Cannes Film Festival: Triangle of Sadness movie review - this satire of wealth and privilege is a nasty hoot

The titular triangle of sadness of Ruben Östlund’s dark comedy is that little area of skin in between the eyebrows. You have to be careful, for it can crease and wrinkle if you frown too much. But frowning is the goal for model Carl (Harris Dickinson), who shows off his stilted walk at a “grumpy brand” casting, named as such for its gatekeeping advertising that “looks down on the consumer.”

The social and economical hierarchy is laid bare in Triangle of Sadness, as Sweden’s most audacious satirist makes a jab at privilege and wealth. Full of blunt critique and a surprising amount of toilet humour, it may well prove to be just as divisive as the director’s Palme d’Or winner The Square, but it’s no less a rollicking time.

On board a luxury yacht, the uber wealthy have congregregated. There’s Carl and girlfriend Yaya (who earned free tickets thanks to their Instagram following), a pair of Russian oligarchs, and an English couple who make a substantial living as arms dealers (the husband claims he works in “upholding democracy” in one of the film’s sharpest blows). Woody Harrelson makes a brief but hilariously memorable appearance as the ship’s unresponsive captain avoiding all duties — including keeping the yacht afloat.
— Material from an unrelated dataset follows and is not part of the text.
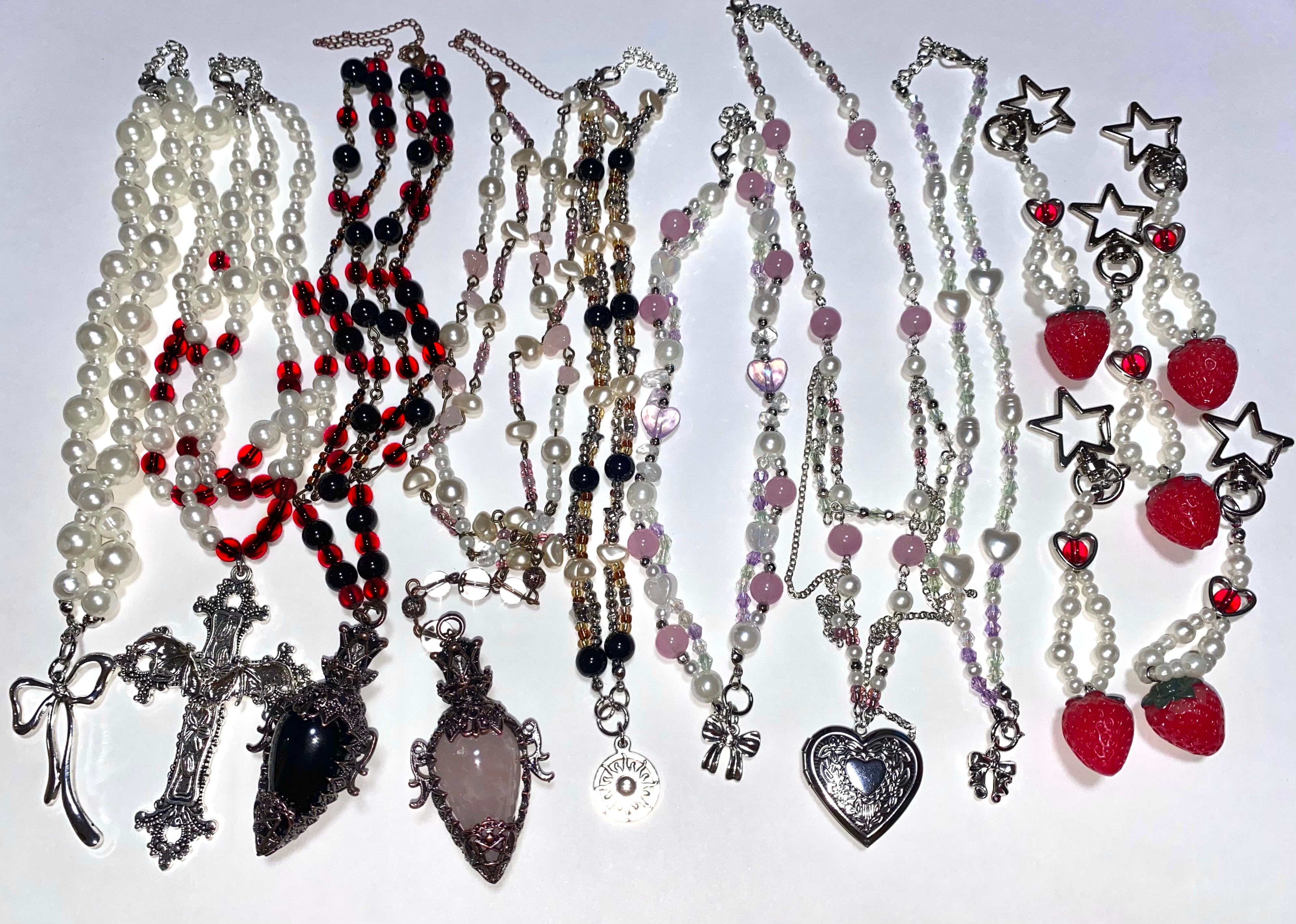 優しい色合いのビーズと大きなリボンが可愛らしいネックレスです。

Money plagues the mind for these elites, despite their comfortable place at the very top. Those materialistic desires fail to dissipate even as they find themselves stranded on an island. For those who have never done as much as cook a meal, the hierarchy of needs is an inverted pyramid. As Carl, Dickinson is a jittery ball of anxious energy in his best performance since his breakout in Beach Rats. But it’s Dolly De Leon (best known for her work in Filipino cinema) who emerges as the true powerhouse, playing a pragmatic cleaner who exposes just how inept the rich and powerful are without paid staff to hold their hand.
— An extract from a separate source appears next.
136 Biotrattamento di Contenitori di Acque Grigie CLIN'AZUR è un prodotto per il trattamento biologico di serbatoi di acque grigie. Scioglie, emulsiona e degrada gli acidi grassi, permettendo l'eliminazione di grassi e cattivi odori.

No one emerges unscathed from Östlund’s social commentary, but the film’s many ideas may have been more potent if they weren’t always aiming below the belt. Running at a hefty two and a half hours, Triangle of Sadness would have benefited from trimming a derivative first act that targets the vapidness of models and influencer culture.
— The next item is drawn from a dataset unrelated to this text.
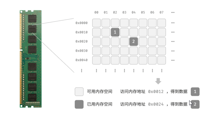 下图展示了一个计算机内存条,其中每个黑色方块都包含一块内存空间。我们可以将内存想象成一个巨大的 Excel 表格,其中每个单元格都可以存储一定大小的数据。系统通过内存地址来访问目标位置的数据。计算机根据特定规则为表格中的每个单元格分配编号,确保每个内存空间都有唯一的内存地址。有了这些地址,程序便可以访问内存中的数据。

Nevertheless, the movie is relentlessly funny. In perhaps one of the most audacious gross-out sequences committed to film, passengers and staff navigate rampant seasickness during a violent storm. What other film can claim to have brought a Cannes audience to hysterical laughter with projectile vomit and a Karl Marx joke in the same breath?

If an argument between an American socialist and a Russian capitalist is any indication, subtlety is not the primary aim in this film’s portrayal of class — and it’s a nasty hoot because of it.